|If you are reading this article because you are shy or are attracted to someone who is
or even if you have a shy friend or family member, please note that most forms of shyness can be taken care of with just a little bit of help. Some on your own and the rest from friends and family members who are committed to help. Only in very serious forms of shyness you will need medical help, and if that is the case, you should seek it. There are many
professional therapists and counselors that specialize in treatment of shyness and it is best if you approach them right away.
(Related article: How
to conquer shyness?)
||Let us review the case of Ashes, 17, in Martinez, GA. Just read
how much damage she has done to her self-esteem and
personality because of her shyness. She says, "I have never in my life have had a boyfriend. However, recently, I opened up a bit and found out that the guy that I have liked for years now, likes me as well. Yet there is a problem. We are both still very, very shy and he also has
never really been in a relationship. Anyway, thanks to a mutual friend he knows that I like him as well (that's how I found out about how he feels). That was about a month or two ago and we still haven't talked yet. I
gave my number to my friend to give to the guy I like but that was weeks ago. I know he is shy and that he hasn't had a chance to give me a ring so it isn't as if I am upset about it. I understand completely since I am very shy myself. I just don't know if I should give any more hints or not. I see him in school a lot and I do know I catch his eye when I walk past him. For the longest time we both did the same thing where we would purposely
avoid eye-contact when passing each other in the hallways. In fact, he still does that but when I look away from him as well, a friend will tell me that he will look straight at me. Although this is a cute game, I would much rather begin talking to him. However, I can be very patient and give him as much time as he needs. What I really want is for him to feel comfortable around me. If I keep telling myself that he is just as afraid as I am then I can at least muster the confidence to wave or
wink at him flirtatiously (and then smile really big and look sheepishly away). Hey, I think if I wave, he probably won't respond because he'd be too shy too. But that's cute. Anyway, if you could give me some advice that would be so lovely. I have been a fan of
mynippon.com for a while now and haven't really sent anything in before. I hope you can help me."
The first thing that impresses us is that you have admitted to yourself that you need to
action to overcome your shyness. While we would encourage you to work on overcoming your shyness over the long term, here is the action plan we
recommend to deal with the current situation, that is, get you and this dream boy talking to you:
Seek the help of the mutual friend to arrange an event that will bring you two together. The event can have other people too but it should be small enough so that you two can talk. Some examples that we suggest are a hike or a picnic or just a get together at someone's home.

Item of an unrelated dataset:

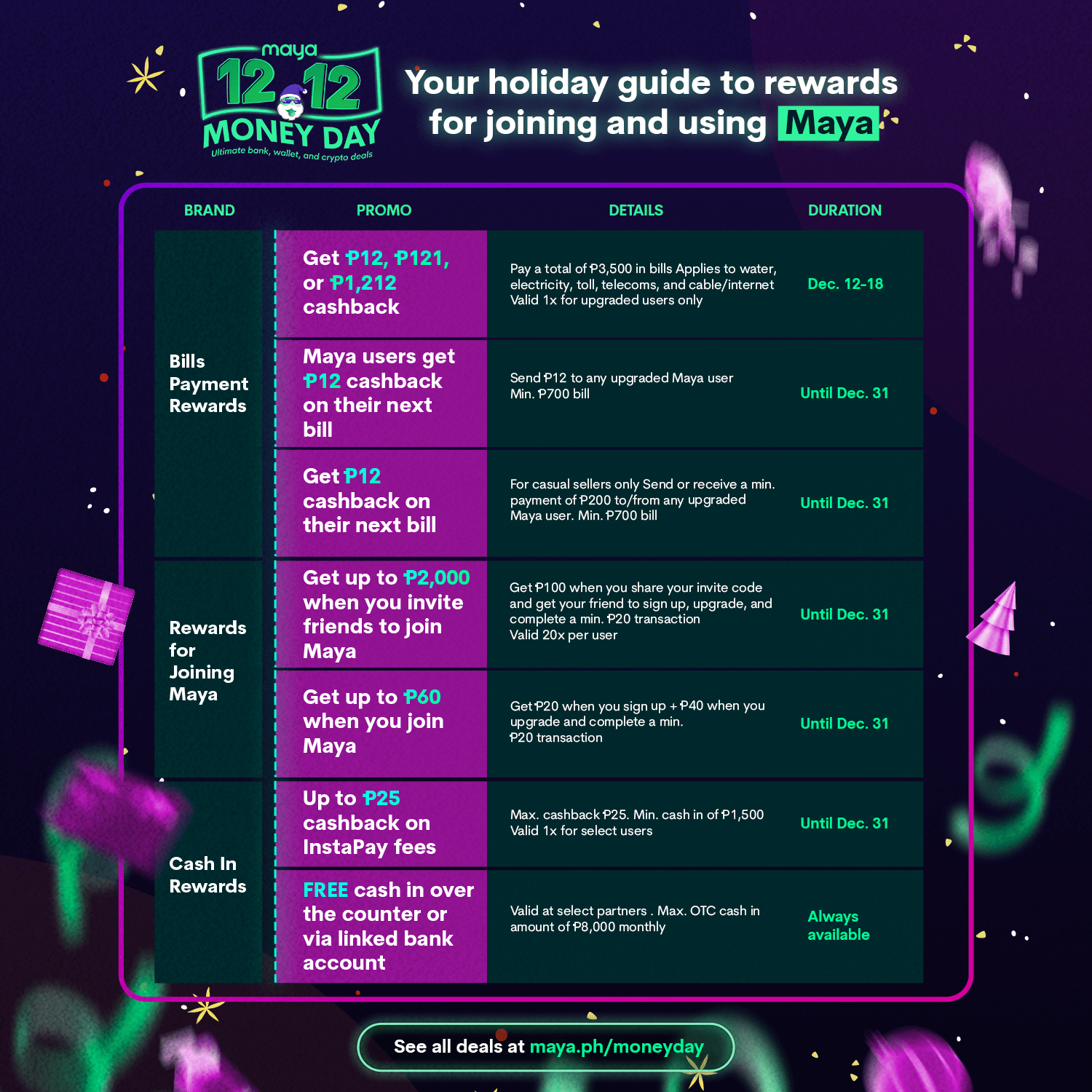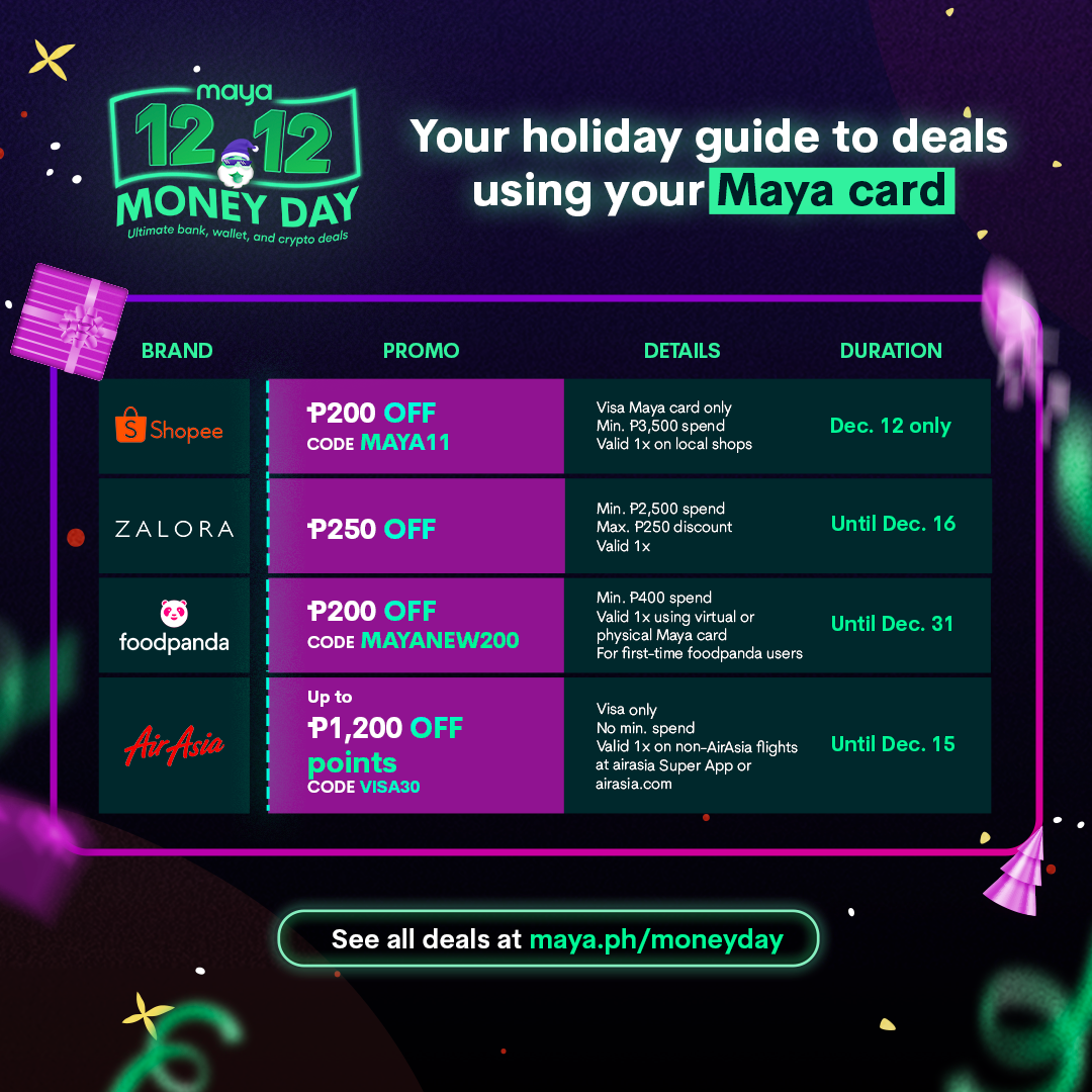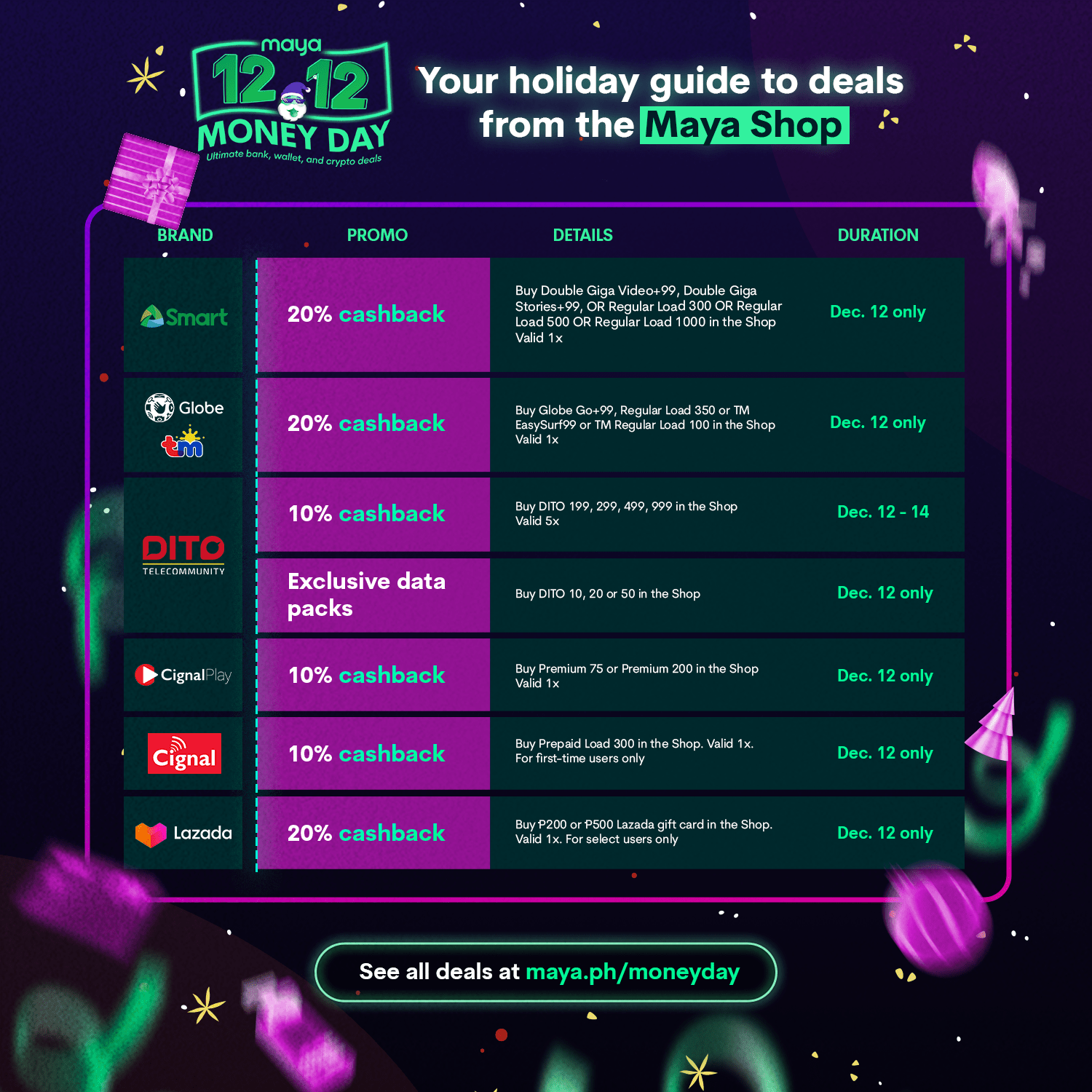 Check out Maya’s #1212MoneyDay cheat sheet below, for a list of all the exciting offers. If you need more info on a certain deal, simply head to https://www.maya.ph/moneyday.

We understand that it can be hard since you both are so shy but when you do come face-to-face with him, do not think of him as some kind of a big deal. Just talk to him as you would talk to anyone else in your group of friends and family members. Is it too hard to talk to him as you talk to your mutual friend or to a cousin?
You do not have to
be romantic or engage in serious discussion on
global warming. Just chat about what most 17-year olds do: music,
fashion, sports, whatever you find interesting. Remember that many
shy men do not have a lot to share even when they know a lot about something. So it will be helpful to find out from the mutual friend what are one or two areas that he likes to talk about. Because you do not want to end up in a situation that after a few short replies from him, you guys run out of topics to talk. Therefore, it is better to talk about what he likes. In that case, you can be a good listener and ask many questions and if you know something then you can provide your input as well.
Finally, make sure that you
agree on the next steps. Something like, "It was really nice
to talk to you and I would love to stay in touch with you.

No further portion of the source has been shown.